= What the task asks =
Of the lines in the material below, print only those from the one containing "Lilly Pulitzer Amelia" to the one containing "I chose the", ends included, exactly as written and without pictures.

= Extracted material =

....................

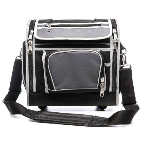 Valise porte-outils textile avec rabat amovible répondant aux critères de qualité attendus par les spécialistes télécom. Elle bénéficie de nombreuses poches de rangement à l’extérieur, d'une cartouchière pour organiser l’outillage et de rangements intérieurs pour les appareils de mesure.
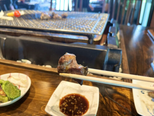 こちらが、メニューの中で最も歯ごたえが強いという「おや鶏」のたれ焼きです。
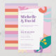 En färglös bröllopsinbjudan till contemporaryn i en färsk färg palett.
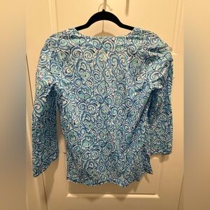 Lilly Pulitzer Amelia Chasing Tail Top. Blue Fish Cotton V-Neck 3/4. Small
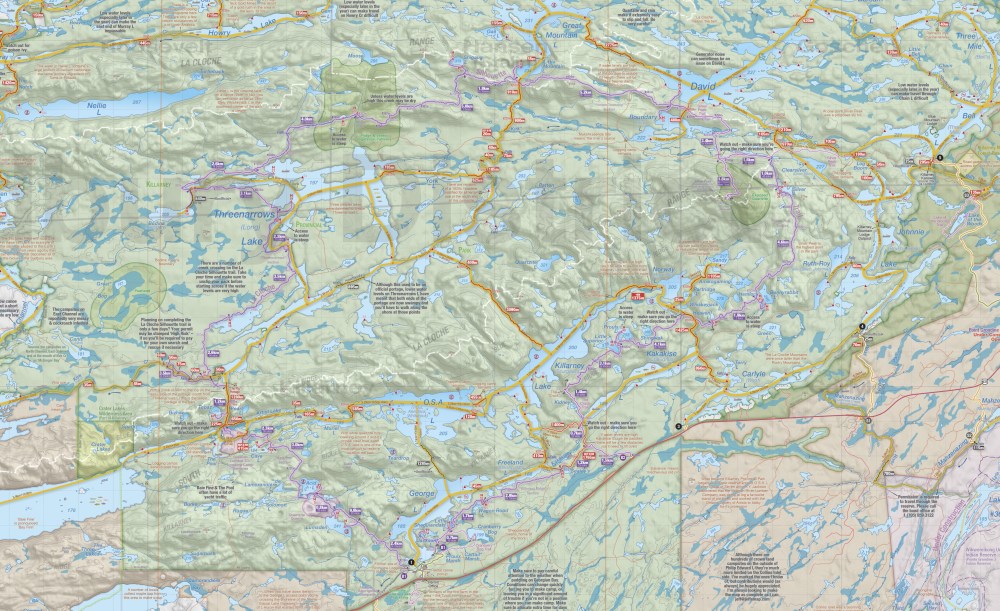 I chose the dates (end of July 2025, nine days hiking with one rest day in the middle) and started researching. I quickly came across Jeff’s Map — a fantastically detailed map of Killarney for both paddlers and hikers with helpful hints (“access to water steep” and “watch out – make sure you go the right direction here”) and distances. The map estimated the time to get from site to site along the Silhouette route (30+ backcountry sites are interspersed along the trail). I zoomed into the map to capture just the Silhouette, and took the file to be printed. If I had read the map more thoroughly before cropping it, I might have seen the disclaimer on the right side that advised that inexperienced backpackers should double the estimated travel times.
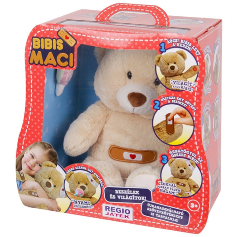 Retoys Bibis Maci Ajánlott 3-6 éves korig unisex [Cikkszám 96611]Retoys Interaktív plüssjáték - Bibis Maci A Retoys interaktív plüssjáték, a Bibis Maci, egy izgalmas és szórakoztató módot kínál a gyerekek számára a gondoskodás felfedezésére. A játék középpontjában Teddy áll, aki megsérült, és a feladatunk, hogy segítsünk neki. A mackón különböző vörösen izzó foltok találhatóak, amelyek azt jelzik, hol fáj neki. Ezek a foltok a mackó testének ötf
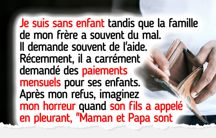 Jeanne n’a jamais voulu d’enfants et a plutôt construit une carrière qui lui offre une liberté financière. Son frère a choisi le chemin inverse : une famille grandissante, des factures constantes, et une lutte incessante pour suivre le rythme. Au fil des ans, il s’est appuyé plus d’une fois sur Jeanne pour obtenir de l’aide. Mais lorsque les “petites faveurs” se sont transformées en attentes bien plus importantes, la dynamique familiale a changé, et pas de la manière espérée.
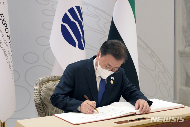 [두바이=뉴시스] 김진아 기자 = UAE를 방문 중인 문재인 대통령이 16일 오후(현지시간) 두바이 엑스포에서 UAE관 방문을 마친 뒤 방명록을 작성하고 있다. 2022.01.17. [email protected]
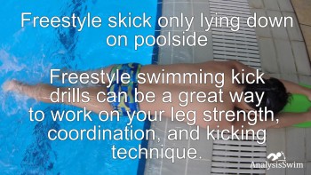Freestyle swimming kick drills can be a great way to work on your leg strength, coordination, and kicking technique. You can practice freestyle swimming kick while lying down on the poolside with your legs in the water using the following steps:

....................

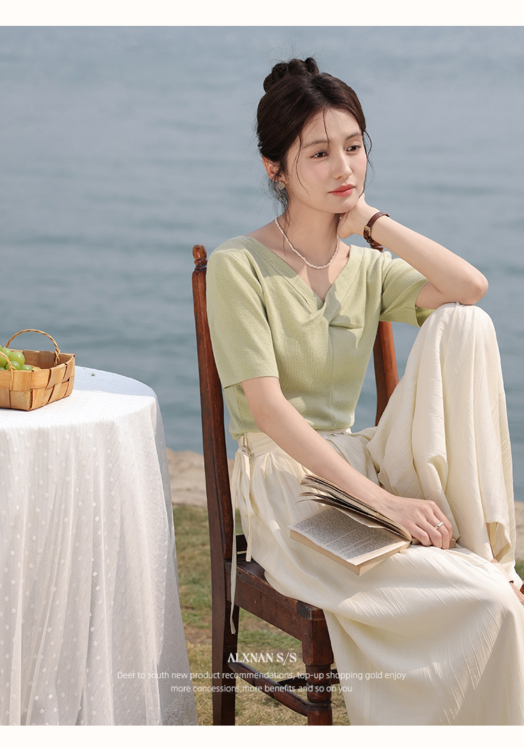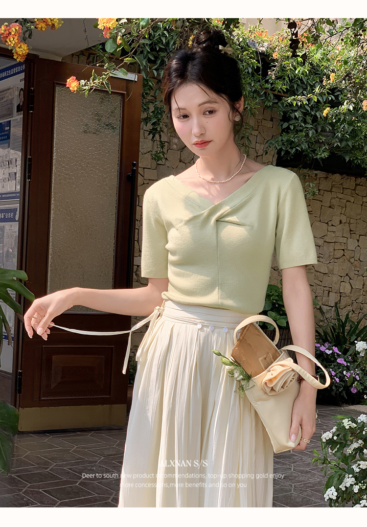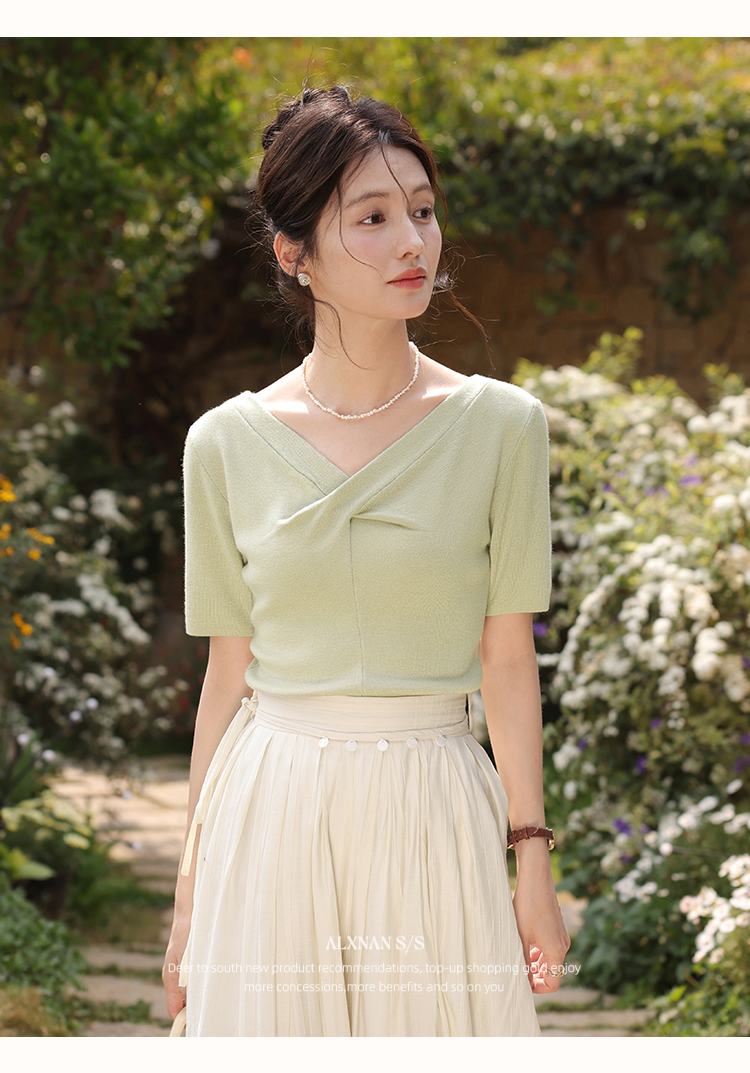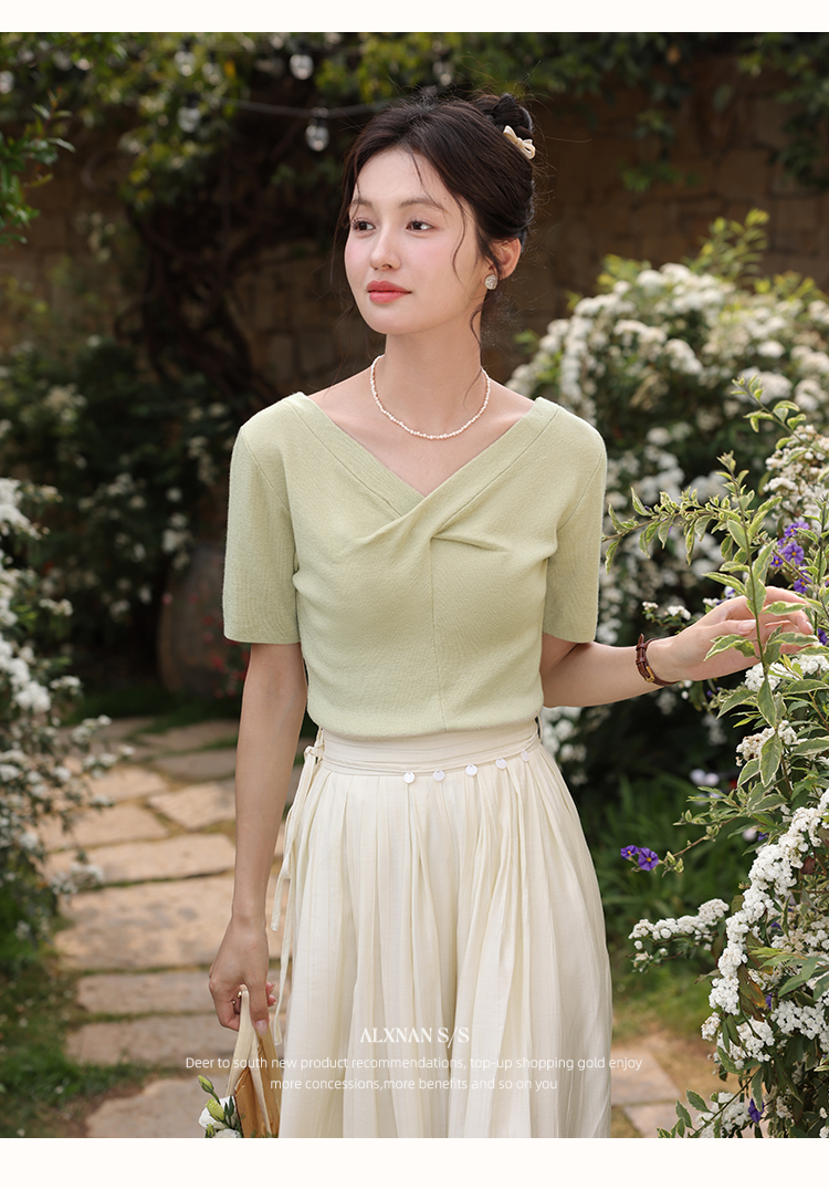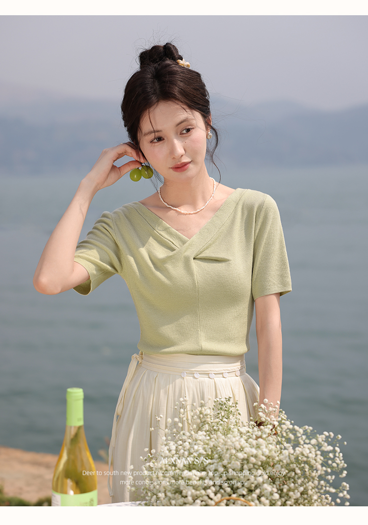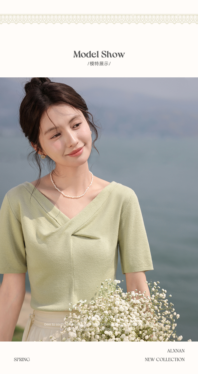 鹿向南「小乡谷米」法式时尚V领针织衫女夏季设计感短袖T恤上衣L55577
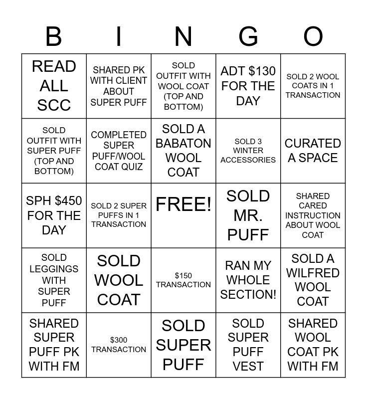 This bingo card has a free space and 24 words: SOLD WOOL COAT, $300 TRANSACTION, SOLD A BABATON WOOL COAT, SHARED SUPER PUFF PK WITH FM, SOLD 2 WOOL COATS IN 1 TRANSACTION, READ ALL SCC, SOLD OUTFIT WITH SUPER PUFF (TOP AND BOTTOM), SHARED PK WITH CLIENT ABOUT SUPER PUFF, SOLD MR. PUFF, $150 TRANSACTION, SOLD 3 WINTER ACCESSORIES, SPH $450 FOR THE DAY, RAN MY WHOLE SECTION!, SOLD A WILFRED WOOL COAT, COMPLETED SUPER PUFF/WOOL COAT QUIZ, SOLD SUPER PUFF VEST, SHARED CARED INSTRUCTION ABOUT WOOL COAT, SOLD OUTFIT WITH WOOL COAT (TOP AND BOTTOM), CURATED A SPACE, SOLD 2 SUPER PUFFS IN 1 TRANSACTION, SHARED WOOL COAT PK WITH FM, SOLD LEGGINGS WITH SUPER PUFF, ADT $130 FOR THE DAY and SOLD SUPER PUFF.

....................

= Result of the task =
 Lilly Pulitzer Amelia Chasing Tail Top. Blue Fish Cotton V-Neck 3/4. Small
 I chose the dates (end of July 2025, nine days hiking with one rest day in the middle) and started researching. I quickly came across Jeff’s Map — a fantastically detailed map of Killarney for both paddlers and hikers with helpful hints (“access to water steep” and “watch out – make sure you go the right direction here”) and distances. The map estimated the time to get from site to site along the Silhouette route (30+ backcountry sites are interspersed along the trail). I zoomed into the map to capture just the Silhouette, and took the file to be printed. If I had read the map more thoroughly before cropping it, I might have seen the disclaimer on the right side that advised that inexperienced backpackers should double the estimated travel times.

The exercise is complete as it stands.